# What the task asks
Every entry, start to finish, should be printed verbatim without pictures.

—————

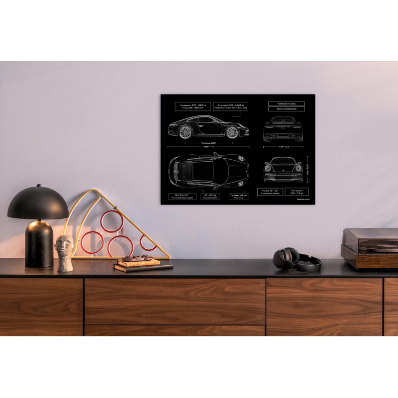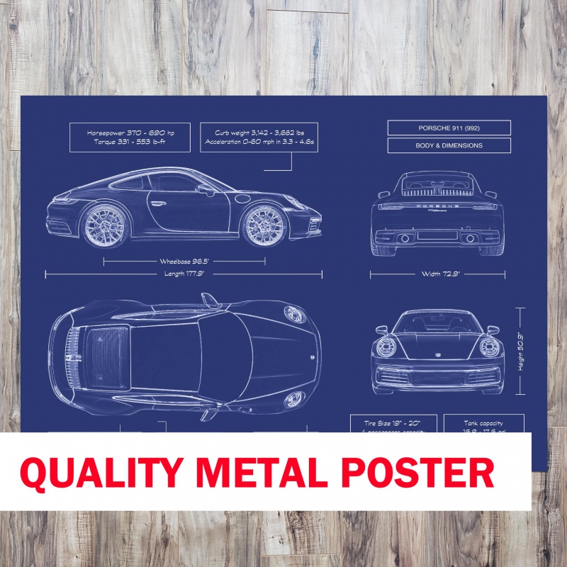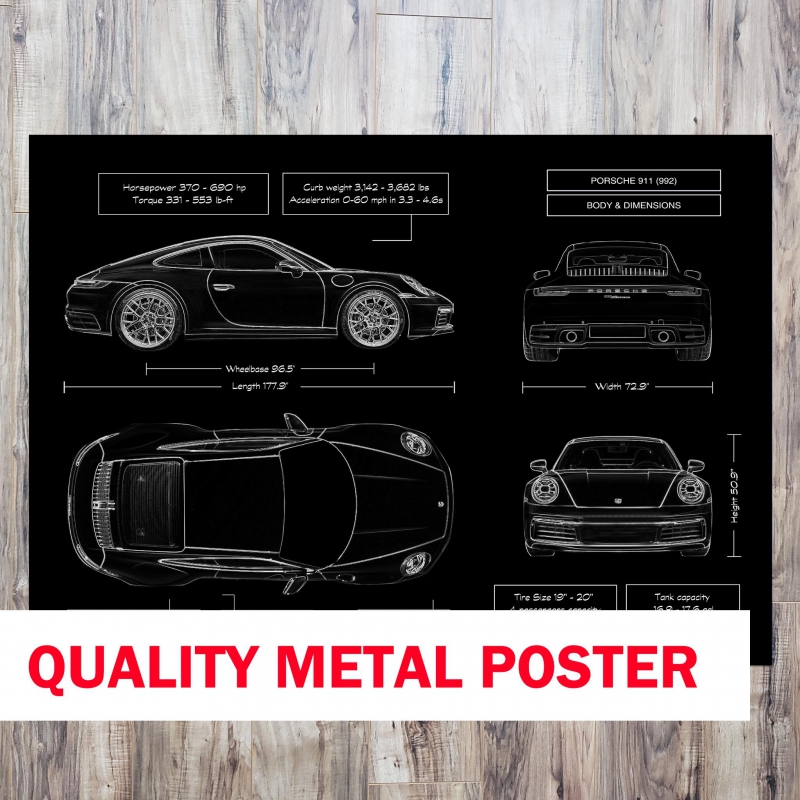Celebrate the eighth-generation Porsche 911 (992) Coupe (2018-present) — a benchmark of automotive engineering and style. Printed directly on premium brushed metal, with a sleek matte finish, this poster transforms horsepower into high-end décor. Whether it graces the wall of your garage, executive office, man cave or showroom, it makes a bold statement. For the gearhead, the lawyer with speed in their blood, or the entrepreneur who surrounds themselves with excellence — personalize it with their name or car’s VIN at no extra cost. With the included magnetic mounting system, you’ll have it displayed in under a minute — no tools, no drilling, just instant prestige.
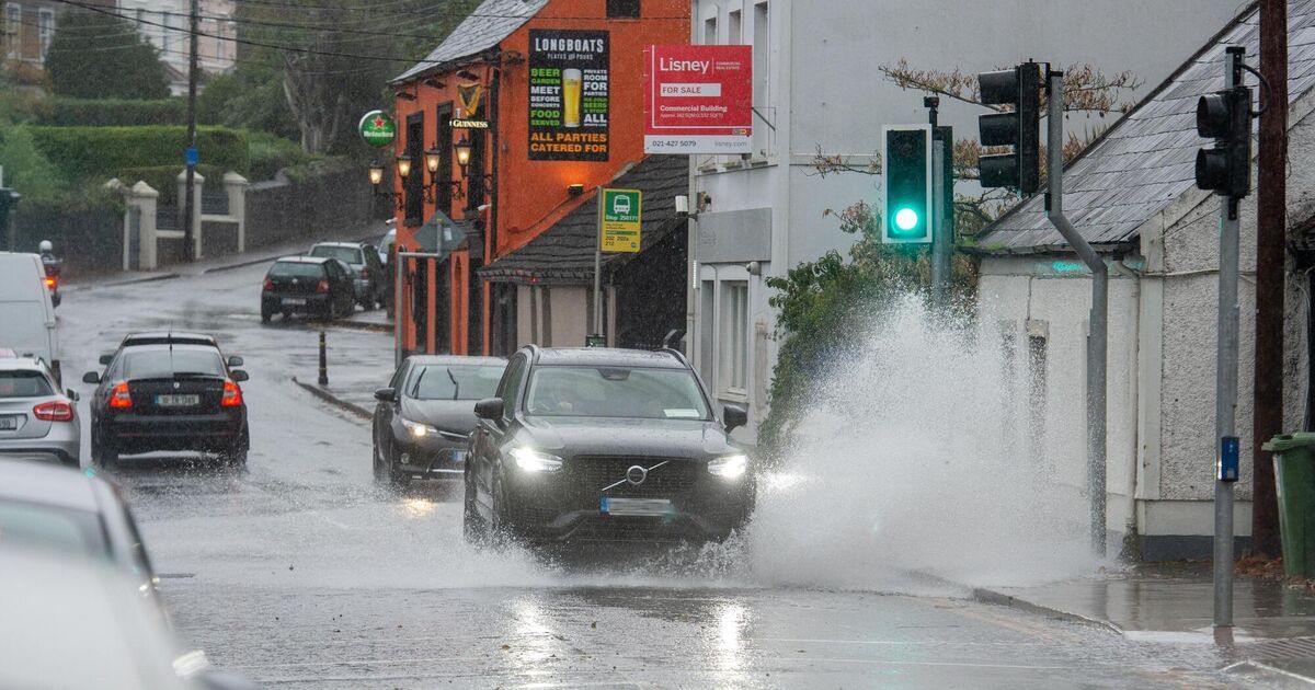 A car making its wat through the floods in Ballintemple, cork as Storm Babet hits and Met Éireann issued a weather warning for heavy rain and localised flooding. Picture Dan Linehan
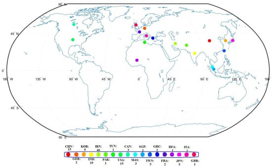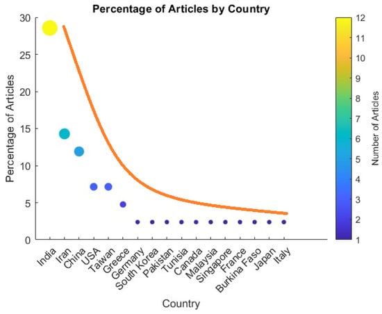 Graphical representation of the trend in the number of scientific articles published between 2001 and 2022 on using ANN in groundwater studies. The size of the dots indicates the number of articles related to each country. The larger the number of articles, the bigger the dot.
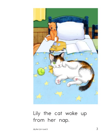 She jumped down Lily the cat woke up from the bed. from her nap. She saw a door. Lily the Cat • Level D 3 4
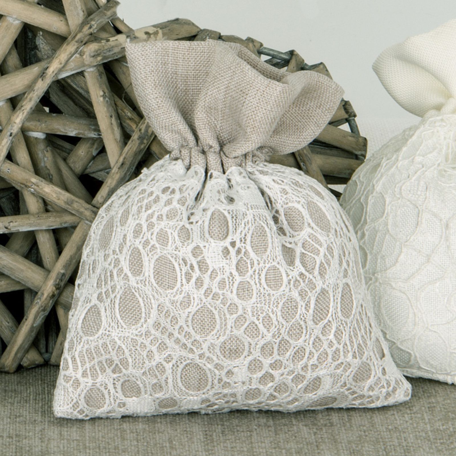 Regala un porta confetti in tessuto avorio e simil pizzo bianco con tirante per matrimoni, anniversari, comunione, cresime e altri eventi. Questo regalo di fine festa per invitati misura 10x12 cm e può essere anche utilizzato come contenitore di piccoli oggetti. Nonostante sia economico, regala ai tuoi ospiti un tocco di raffinatezza ed eleganza, perfetto come addobbo tavolo torta o come segnaposto. La bomboniera è un regalo che esprime le tue emozioni e può far sentire gli invitati speciali e importanti. Offri loro un'esperienza indimenticabile, con la tua bomboniera!
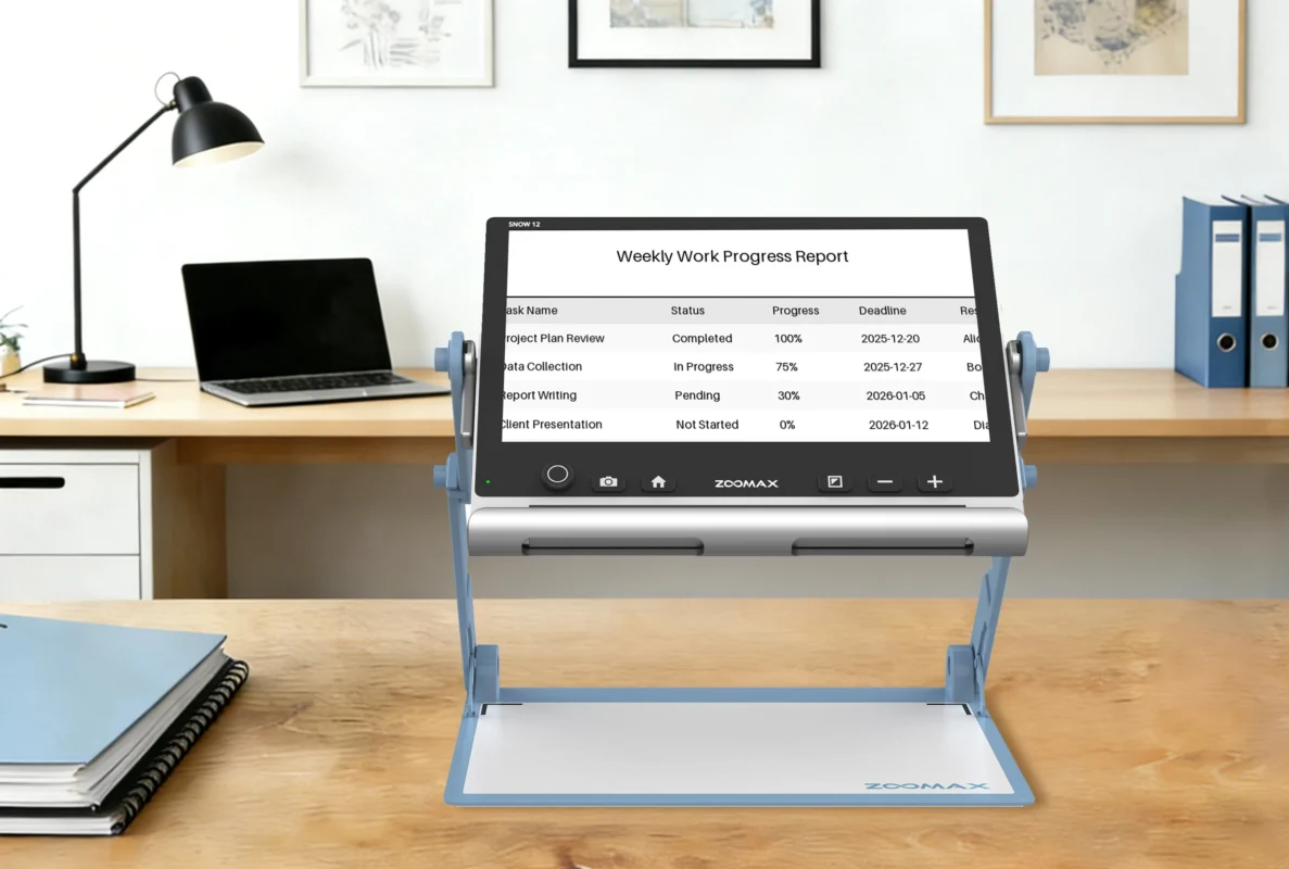 Working from home with low vision? Learn how to use the Snow 12, external monitors, and OCR to build a high-productivity workstation. US support & funding info included.
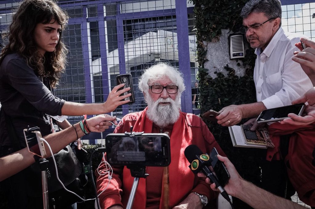 Em entrevista à mídia alternativa, o teólogo denunciou que foi ofendido por policiais militares do Paraná ao tentar visitar Lula na superintendência da PF. “Eles [policiais militares] não deixaram eu entrar, começaram a xingar o Lula e dizer “todos vocês [do acampamento] são bandidos e ladrões”. Mas eles são mandados. Eles tem cabeça de camarão. Não pensam em nada”, declarou.
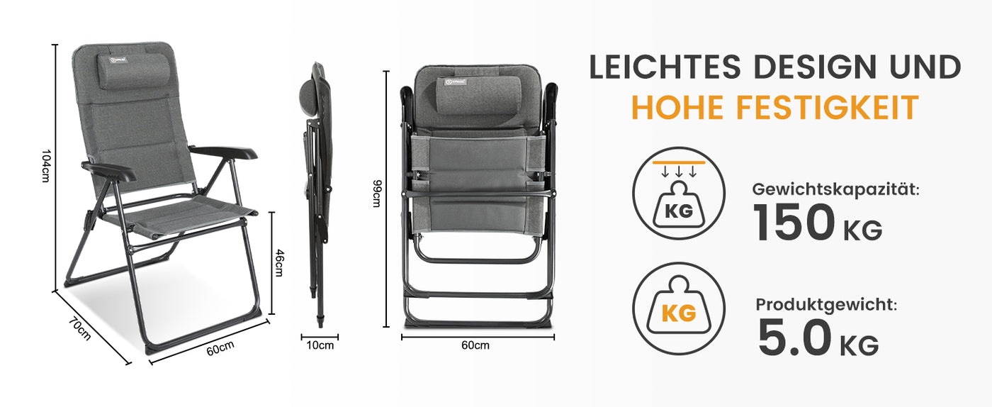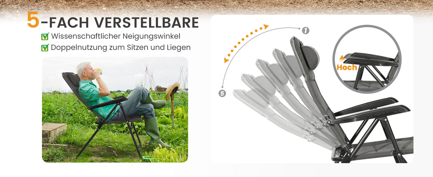 Homecall Camping Folding Chair with Padding and Adjustable Backrest - (Gray) - UV++ olefin fabric is backordered and will ship as soon as it is back in stock.
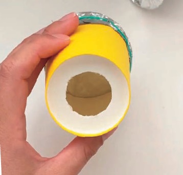 ②紙コップの口の部分にアルミホイルをかぶせ、輪ゴムでとめる
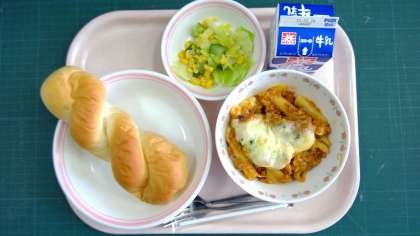 ミルクパン、ペンネのミートソースグラタン、コーンサラダ、牛乳

—————

# Task result
Celebrate the eighth-generation Porsche 911 (992) Coupe (2018-present) — a benchmark of automotive engineering and style. Printed directly on premium brushed metal, with a sleek matte finish, this poster transforms horsepower into high-end décor. Whether it graces the wall of your garage, executive office, man cave or showroom, it makes a bold statement. For the gearhead, the lawyer with speed in their blood, or the entrepreneur who surrounds themselves with excellence — personalize it with their name or car’s VIN at no extra cost. With the included magnetic mounting system, you’ll have it displayed in under a minute — no tools, no drilling, just instant prestige.
 A car making its wat through the floods in Ballintemple, cork as Storm Babet hits and Met Éireann issued a weather warning for heavy rain and localised flooding. Picture Dan Linehan
 Graphical representation of the trend in the number of scientific articles published between 2001 and 2022 on using ANN in groundwater studies. The size of the dots indicates the number of articles related to each country. The larger the number of articles, the bigger the dot.
 She jumped down Lily the cat woke up from the bed. from her nap. She saw a door. Lily the Cat • Level D 3 4
 Regala un porta confetti in tessuto avorio e simil pizzo bianco con tirante per matrimoni, anniversari, comunione, cresime e altri eventi. Questo regalo di fine festa per invitati misura 10x12 cm e può essere anche utilizzato come contenitore di piccoli oggetti. Nonostante sia economico, regala ai tuoi ospiti un tocco di raffinatezza ed eleganza, perfetto come addobbo tavolo torta o come segnaposto. La bomboniera è un regalo che esprime le tue emozioni e può far sentire gli invitati speciali e importanti. Offri loro un'esperienza indimenticabile, con la tua bomboniera!
 Working from home with low vision? Learn how to use the Snow 12, external monitors, and OCR to build a high-productivity workstation. US support & funding info included.
 Em entrevista à mídia alternativa, o teólogo denunciou que foi ofendido por policiais militares do Paraná ao tentar visitar Lula na superintendência da PF. “Eles [policiais militares] não deixaram eu entrar, começaram a xingar o Lula e dizer “todos vocês [do acampamento] são bandidos e ladrões”. Mas eles são mandados. Eles tem cabeça de camarão. Não pensam em nada”, declarou.
 Homecall Camping Folding Chair with Padding and Adjustable Backrest - (Gray) - UV++ olefin fabric is backordered and will ship as soon as it is back in stock.
 ②紙コップの口の部分にアルミホイルをかぶせ、輪ゴムでとめる
 ミルクパン、ペンネのミートソースグラタン、コーンサラダ、牛乳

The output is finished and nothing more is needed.